К.Поппер точно улавливает этот существенный момент. В его ответе Т.Куну вещи называются своими именами: сэр Карл называет позицию Куна релятивизмом и решительно возражает против этой позиции. Он призывает критически отнестись к тезису о том, что «нормальная» работа ученого напрямую зависит от «некритического» отношения к концептуальным основаниям («каркасу») его деятельности. И называет рациональные основания такой критики. В самом деле, тезис релятивизма был бы неоспорим, если бы удалось показать, что ученый, находясь «внутри» концептуального каркаса не имеет никакой возможности вырваться из этого плена, иначе, как став «иррационалистом». Это было бы действительно так, если бы был верен более общий тезис, неявно наличествующий в концепции Куна: для человека, принадлежащего данному научному сообществу, нет и не может быть никакой рациональности, отличной от той, какая вытекает из «парадигмы», определяющей всю деятельность этого сообщества. Но сам этот тезис не имеет, полагает Поппер, ни логических, ни тех оснований, к которым постоянно апеллирует Кун – он не оправдывается историко-научными исследованиями. Как ни изображай историческое движение науки, какие схемы не предлагай для его описания, невозможно представить его так, что история науки распадется на «несоизмеримые» отрезки, между которыми – периоды полного прекращения рациональной коммуникации. (В последовавшей затем многолетней дискуссии не было найдено и убедительных логических, точнее, логико-семантических, аргументов в пользу «несоизмеримости парадигм»[3]).

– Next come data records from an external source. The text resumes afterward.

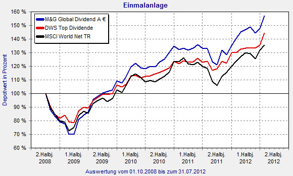 "Auf der Suche nach attraktiven und stabilen Renditen in einem anhaltenden Niedrigzinsumfeld sind mehr und mehr Investoren in den letzten Jahren auf dividendenstarke Aktien bzw. Dividendenfonds aufmerksam geworden. In der Folge haben sich natürlich auch die Bewertungen deutlich erhöht. Legg Mason hat dies jetzt für den US-Markt untersucht. Demnach notieren die 100 Aktien mit der höchsten Dividendenrendite (Median: 4,08%) aktuell mit einem KGV von 14,36. Gleichzeitig beträgt deren Dividendenwachstumsrate über die letzten fünf Jahre im Median aber nur 5,39%. Auf der anderen Seite notieren die 100 Aktien mit den höchsten Dividendenwachstumsraten (Median: 20,34%) nur mit einem KGV von 12,96. Dass die Dividendenrendite mit 2,32% im Median vergleichsweise bescheiden ausfällt, erklärt, warum diese Aktien von risikoaversen Anlegern aktuell eher gemieden werden. Investoren, die auch im Dividendensegment mehr auf den Wachstumsfaktor setzen wollen, sind mit dem M&G Global Dividend gut aufgehoben. Als Vertreter des klassischen Dividendenansatzes ist der DWS Top Dividende immer noch einer der Top-Fonds."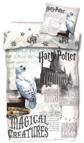 Harry Potter sengetøy – 140×200 cm – Harry Potter sengesett – Hogwarts og uglen Hedwig – 2 i 1 design – 100% bomull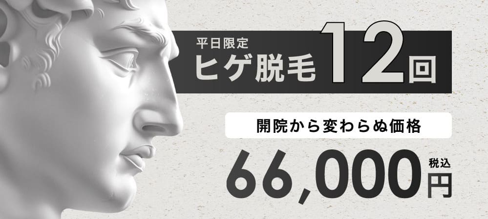 | 料金 | ■顔ヒゲ脱毛88,000円/5回■全身脱毛297,000円/5回(ヒゲ・VIO含む) |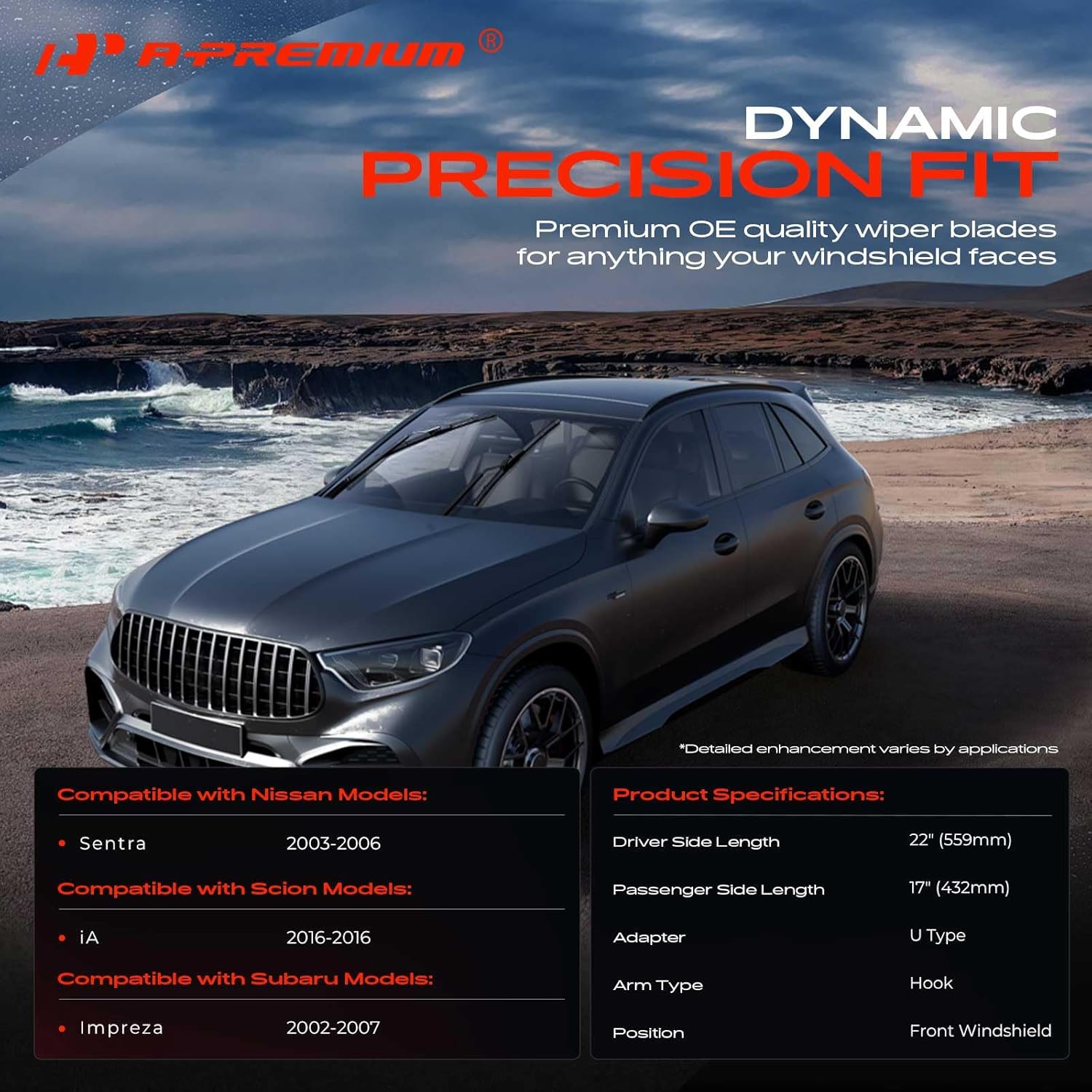 Apresentamos as Lâminas de Limpador de Para-brisa Dianteiro A-Premium, um pacote com 2 unidades que combina inovação e eficiência para garantir a melhor visibilidade e segurança durante suas viagens. Compatíveis com veículos como Nissan Sentra (2003-2006), Subaru Impreza (2002-2007) e Scion iA (2016), essas palhetas são projetadas para atender às exigências dos motoristas mais exigentes. O conjunto inclui uma palheta de 22 polegadas para o lado esquerdo e uma de 17 polegadas para o lado direito, ambas com montagem do tipo gancho e adaptador tipo U, facilitando a instalação.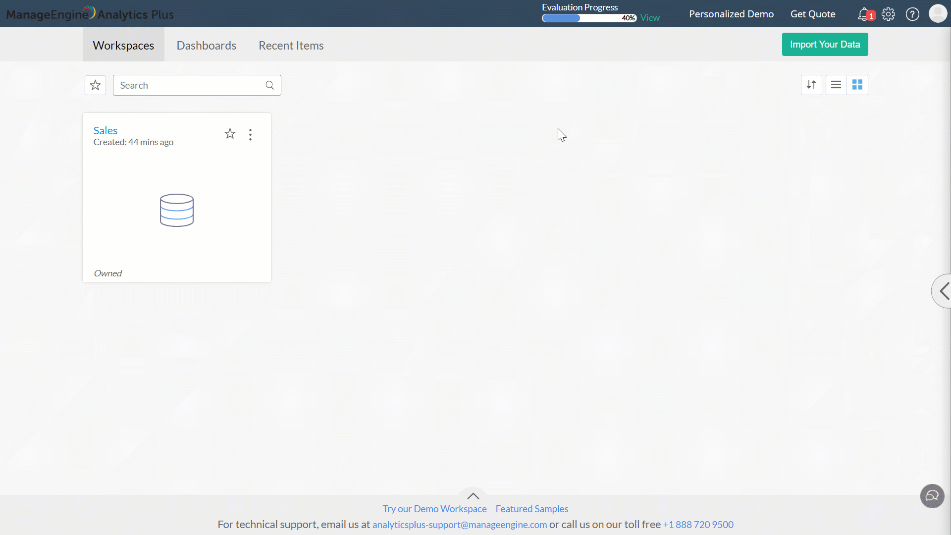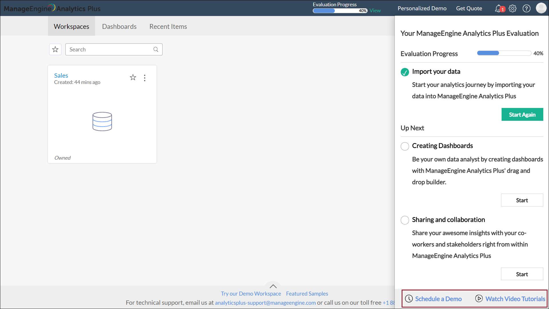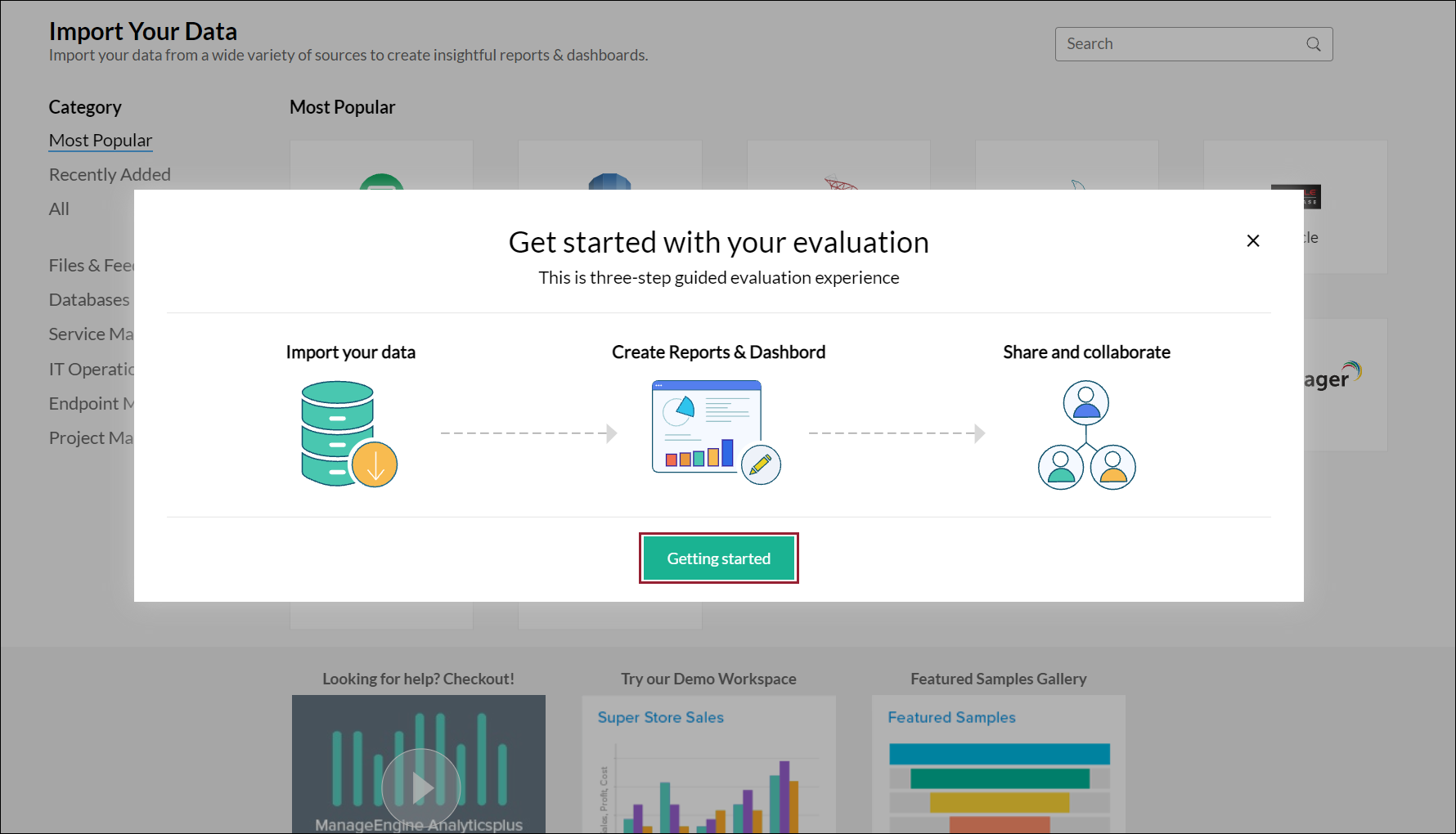 After configuring the required information, Analytics Plus offers a guided evaluation to help you import data, create reports and dashboards, and share the created visualizations. To begin this, click the Getting started button.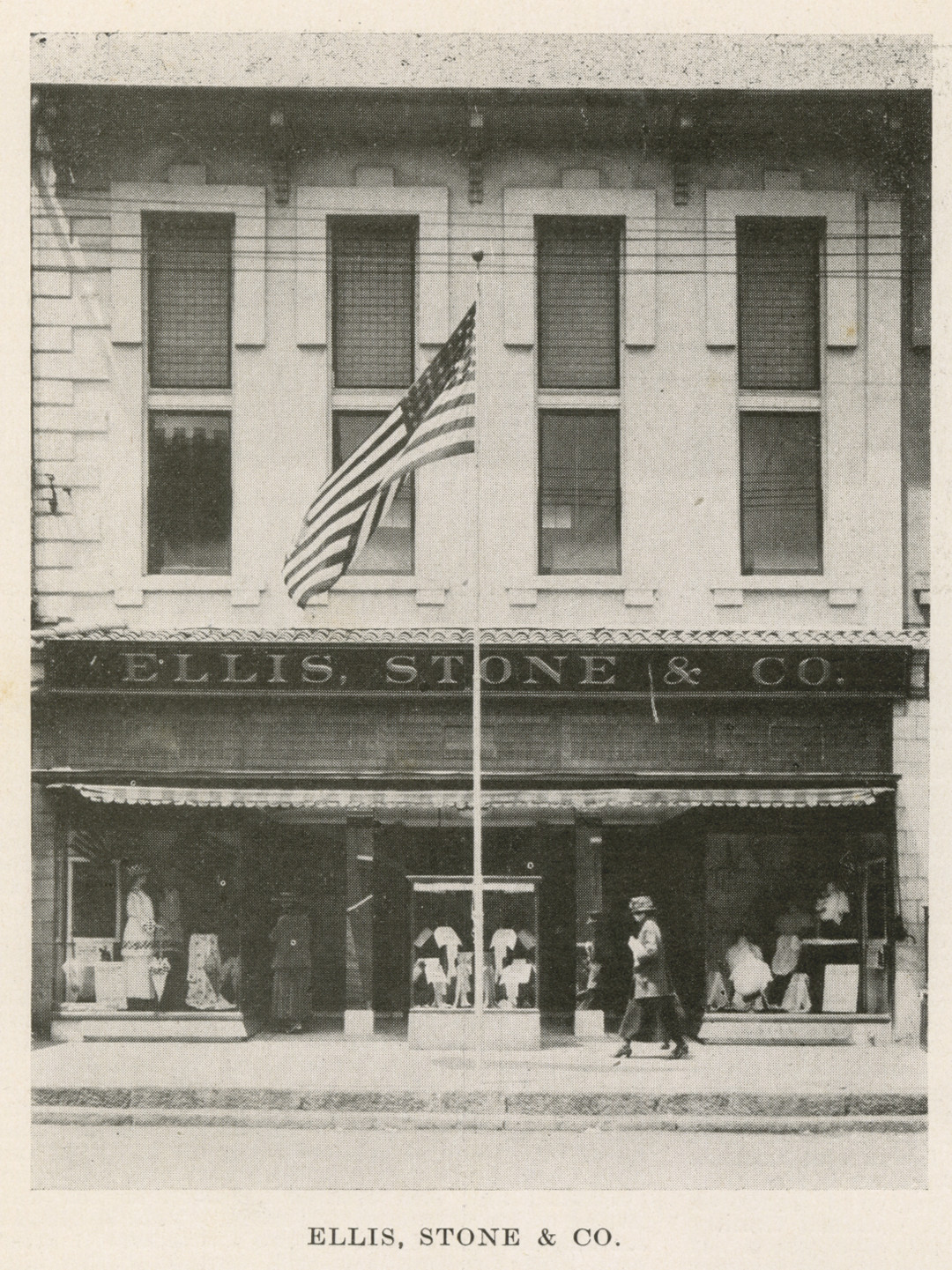 Exterior of the Ellis, Stone and Company store at 224-226 South Elm Street in Greensboro. Ellis Stone moved across Elm Street to a large new facility in 1949 and was later acquired by Thalhimer's of Richmond. After several mergers, the company is now part of Macy's.

Рациональность науки позволяет ей выходить за рамки «концептуальных каркасов», рациональная критика всегда возможна, и в

 

 

– 11 –

 

ней – тайна научной рациональности. Такова позиция Поппера, которую он противопоставил куновскому ревизионизму.

Еще более решительное возражение с его стороны вызывает представление Куна о механизмах, побуждающих ученого принять тот или иной «каркас», то есть ту или иную рациональность, и в дальнейшем работать в соответствии с этой рациональностью так, словно никакой иной рациональности не существует. Формулу этого представления (правда в виде вопроса, а не тезиса) дает заголовок статьи Куна. Цель ученого, утверждает Кун, не истина (этот термин вообще мог бы в принципе быть исключен из описаний научной деятельности), а решение концептуальных или инструментальных «головоломок». Успех вознаграждается признанием соответствующего научного сообщества, мнение людей, не включенных в это сообщество, вообще не учитывается или учитывается в незначительной мере. Таким образом, вопрос о рациональности деятельности ученого решается в зависимости от двух факторов: практического успеха и оценки этого успеха в кругу единомышленников. Поэтому, с одной стороны, научное сообщество крайне консервативно в своих оценках собственной рациональности (ибо эта консервативность – условие единства и общности), с другой стороны – оно настроено почти всегда на полное отрицание «чужой» рациональности, претендующей на решение тех же вопросов, над которыми ломают головы члены данного сообщества.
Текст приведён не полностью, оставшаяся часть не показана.